Diverse graduates lead UHV school of Arts and Sciences
Dec. 10, 2011 at 6:10 a.m.
A home-grown woman from Edna and a Vietnamese immigrant living in Sugar Land are the top graduate student and undergraduate in the University of Houston-Victoria School of Arts & Sciences.
Whitney Damborsky received a master's in forensic psychology during UHV's fall commencement ceremony. Tram-Khanh Nguyen was awarded a bachelor's degree in computer science with a computer information systems concentration.
Each semester, professors from UHV's four schools select at least one outstanding student from both their graduate and undergraduate programs to be honored during commencement. The top Arts & Sciences graduates also will receive a $250 prize from the school's Excellence Fund.
Damborsky and Nguyen graduated in the university's fall commencement ceremony in Katy.
Damborsky, a 2005 graduate of Edna High School, graduated with a 4.0 grade-point average.
"Academics are extremely important to me, and B's are just not acceptable," she said. "My UHV instructors have been really helpful, understanding and accepting. I have been comfortable knowing that any questions I had would be answered."
She said the dedication to her studies meant goodbye to Friday evenings and Saturdays, but she was willing to sacrifice. She has been busy, helping her parents in their small business, working as a teaching assistant and officiating basketball games. At the university, she has been involved in honor societies Gamma Beta Phi, Psi Chi and Phi Kappa Phi, as well as the UHV Criminal Justice Society.

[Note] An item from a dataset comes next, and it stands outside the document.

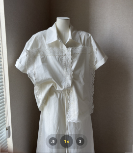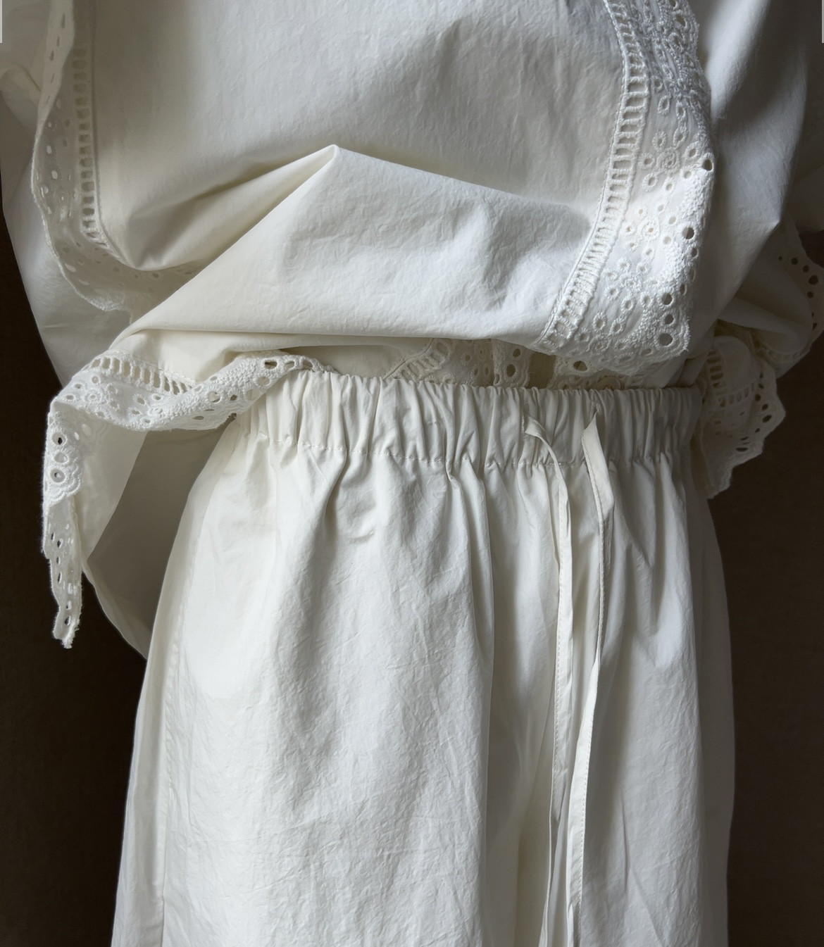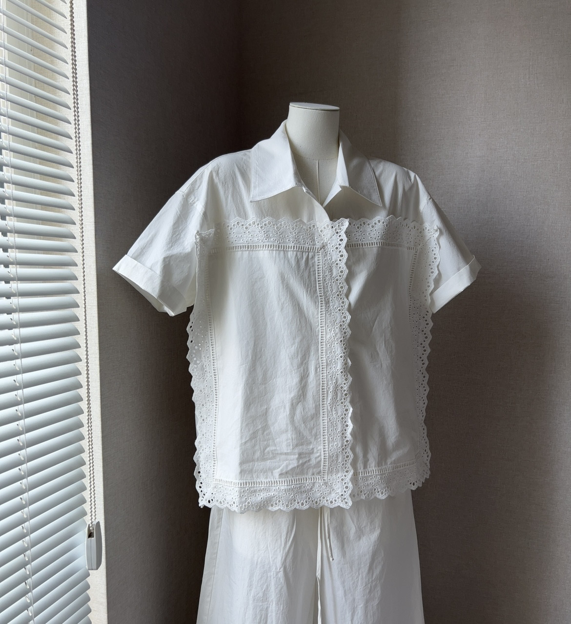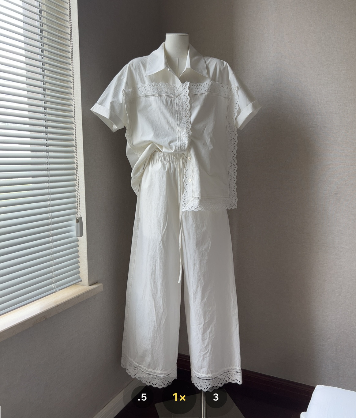 套装 all 休闲裤 长绒棉落肩上衣+宽松直筒花边蕾丝衬衫 white

Damborsky will be the first-ever graduate for the new forensic psychology graduate degree, which will complement her 2009 UHV bachelor's degree in criminal justice. Her class material already has been applied to her practicum work at the Victoria Regional Juvenile Justice Center.
"There is never a dull moment," she said of her job. "With the youth in the center, it is interesting to see what they've gone through in their short lives, and you can see how a balance has to be struck between punitive and therapeutic treatments."
But Damborsky said she is tailor-made for a position at such a center.
"This job and my studies have shown me the environment that I could end up working in, and I love it," she said. "You have to hold on to hope with these youth. You hope what you've taught them will stick, and they'll be able to make positive changes in their lives."
Nguyen has dedicated herself to the American dream after coming to the U.S. from Vietnam. A returning student, she had completed her bachelor's degree in education in Vietnam years ago, and she worked as a teacher in her home country.
"The Vietnamese tradition stresses the importance of education in general, and college education, specifically," said Nguyen, a lifelong learner. "Traditionally, teachers in Vietnam are highly appreciated and respected."
Computer technology had just come to Vietnam when she completed her education degree.
"I took my first computer classes a few years later, and I fell in love with them," Nguyen said. "When I met my husband, who had worked in the information technology field, he inspired me to learn more."
After coming to the U.S., Nguyen wanted to further her education, so she enrolled in the UHV computer science program.
"We have a network at home with a lot of computers, so I found it easy to get into the computer science field," she said. "My husband and I have a small Internet technology business, and growing it is my primary work goal."
Nguyen said studying could be a challenge, but since computer science is a constantly changing field, she is prepared to continue studying and adapting to new technologies.
"I also want to be a good role model for my two children," she said.
While studying and working, she also stayed busy raising her children and volunteering at the Houston Food Bank and at Buddhist temples around Houston, helping them maintain Web sites. During her free time, she enjoys playing piano and table tennis.
"I have a rule for myself to have a goal and be mindful in whatever I am doing," Nguyen said. "Mindfulness helps me see things clearly."
Jeffrey Di Leo, dean of the UHV School of Arts & Sciences, said Damborsky and Nguyen have shown perseverance and determination in their pursuit of degrees.
"Our students come from such diverse backgrounds, but these graduates have in common the determination to excel in their studies," he said. "The School of Arts & Sciences is constantly looking for ways to improve and expand what we offer to meet the demands of a changing job market, and UHV accommodates student needs through face-to-face and online course offerings with top-quality instructors."